• Instructions to follow: Copy exactly every line below, from the first through the one that contains "This bold and", and skip all pictures.

:: Dataset section ::

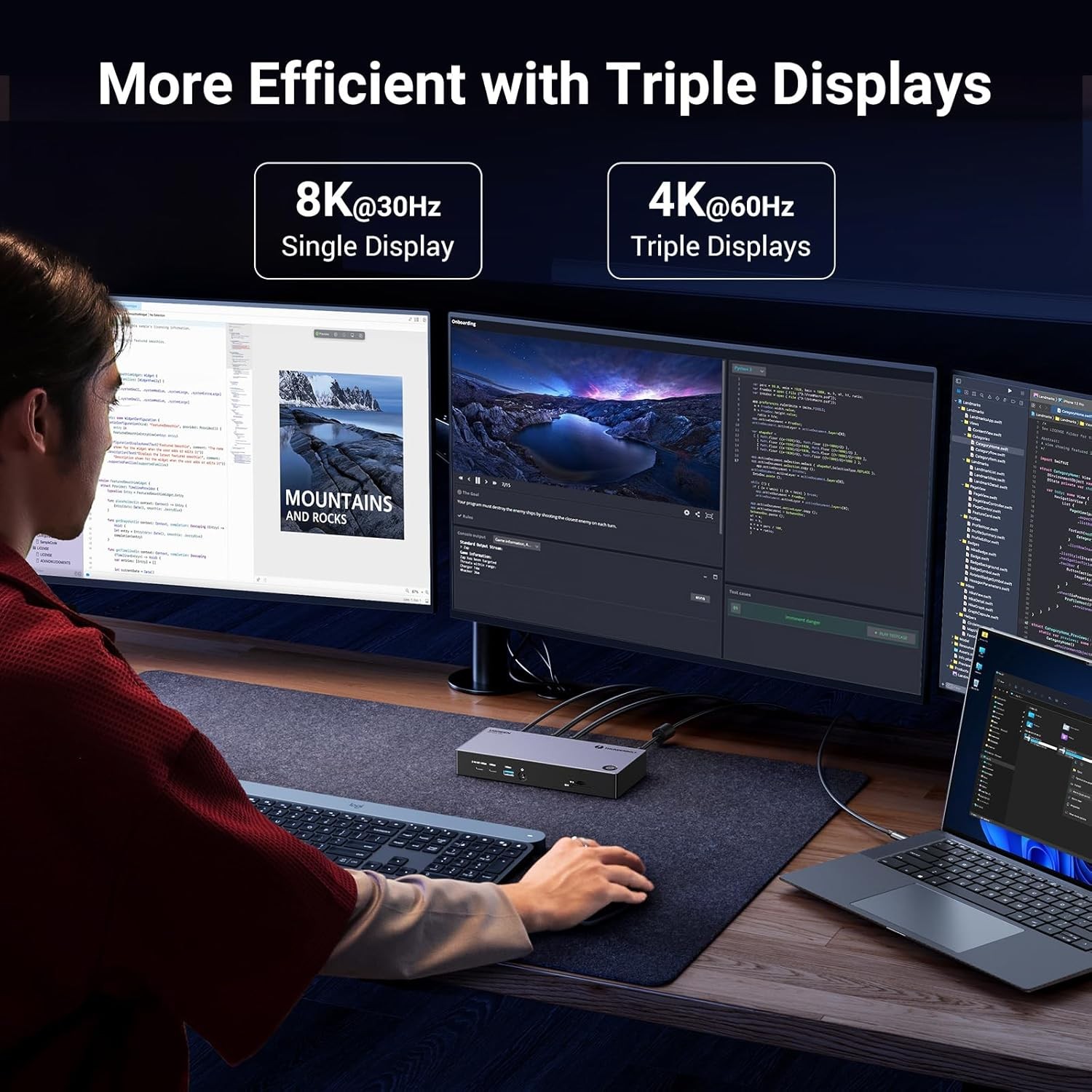 The Ugreen 25085EU Thunderbolt 4 Dock Station is a powerful and versatile hub designed to transform a single Thunderbolt / USB‑C port into a full workstation solution. With support for dual 4K displays, high-speed data transfer, power delivery, and a comprehensive suite of ports—including USB‑A, USB‑C, Ethernet, SD/MicroSD, and audio—this dock facilitates seamless connectivity and productivity. The sleek aluminium design ensures efficient heat dissipation and a premium look, while the EU‑friendly integrated power supply ensures compatibility in European markets. Whether you’re editing, gaming, designing, or running a multi-monitor setup, the 25085EU is engineered to expand your capabilities.
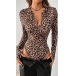 This bold and stylish bodysuit features a trendy leopard print that exudes confidence and attitude. The V-neckline adds a touch of allure, while the long sleeves provide coverage and a chic look. Pair it with high-waisted jeans or a skirt for a stylish and edgy look that will make you stand out from the crowd.
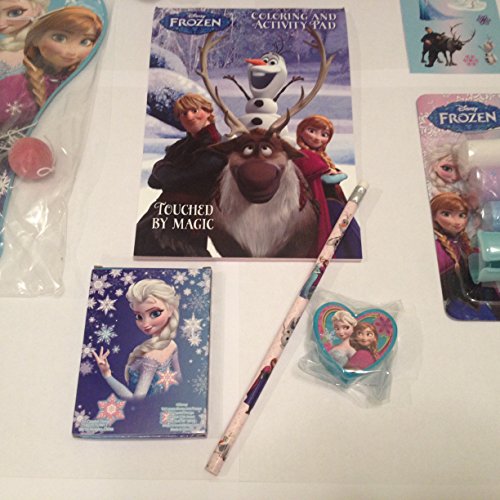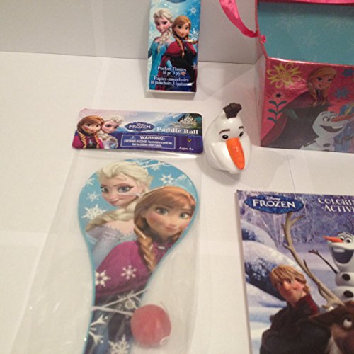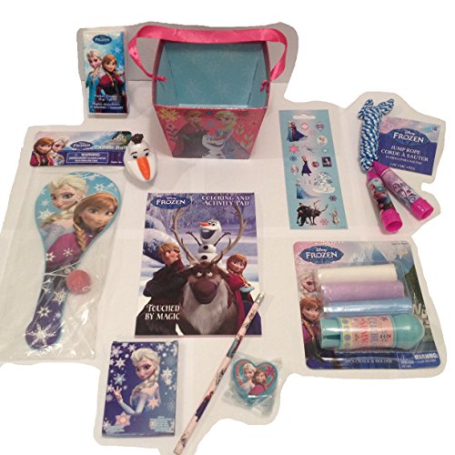 -. Feature : This bundle of 11 items include a 4" Tall Gift Box filled with the following items: / Sidewalk Chalk, Jump Rope, Paddleball, Coloring Activity Pad, Crayons, Pencil, Pencil Sharpener, Sticker Sheet, Pack of Pocket Tissues, and Olaf Treat Container / Note: Colors & Characters on individual items may vary

:::

• Problem solution:
 The Ugreen 25085EU Thunderbolt 4 Dock Station is a powerful and versatile hub designed to transform a single Thunderbolt / USB‑C port into a full workstation solution. With support for dual 4K displays, high-speed data transfer, power delivery, and a comprehensive suite of ports—including USB‑A, USB‑C, Ethernet, SD/MicroSD, and audio—this dock facilitates seamless connectivity and productivity. The sleek aluminium design ensures efficient heat dissipation and a premium look, while the EU‑friendly integrated power supply ensures compatibility in European markets. Whether you’re editing, gaming, designing, or running a multi-monitor setup, the 25085EU is engineered to expand your capabilities.
 This bold and stylish bodysuit features a trendy leopard print that exudes confidence and attitude. The V-neckline adds a touch of allure, while the long sleeves provide coverage and a chic look. Pair it with high-waisted jeans or a skirt for a stylish and edgy look that will make you stand out from the crowd.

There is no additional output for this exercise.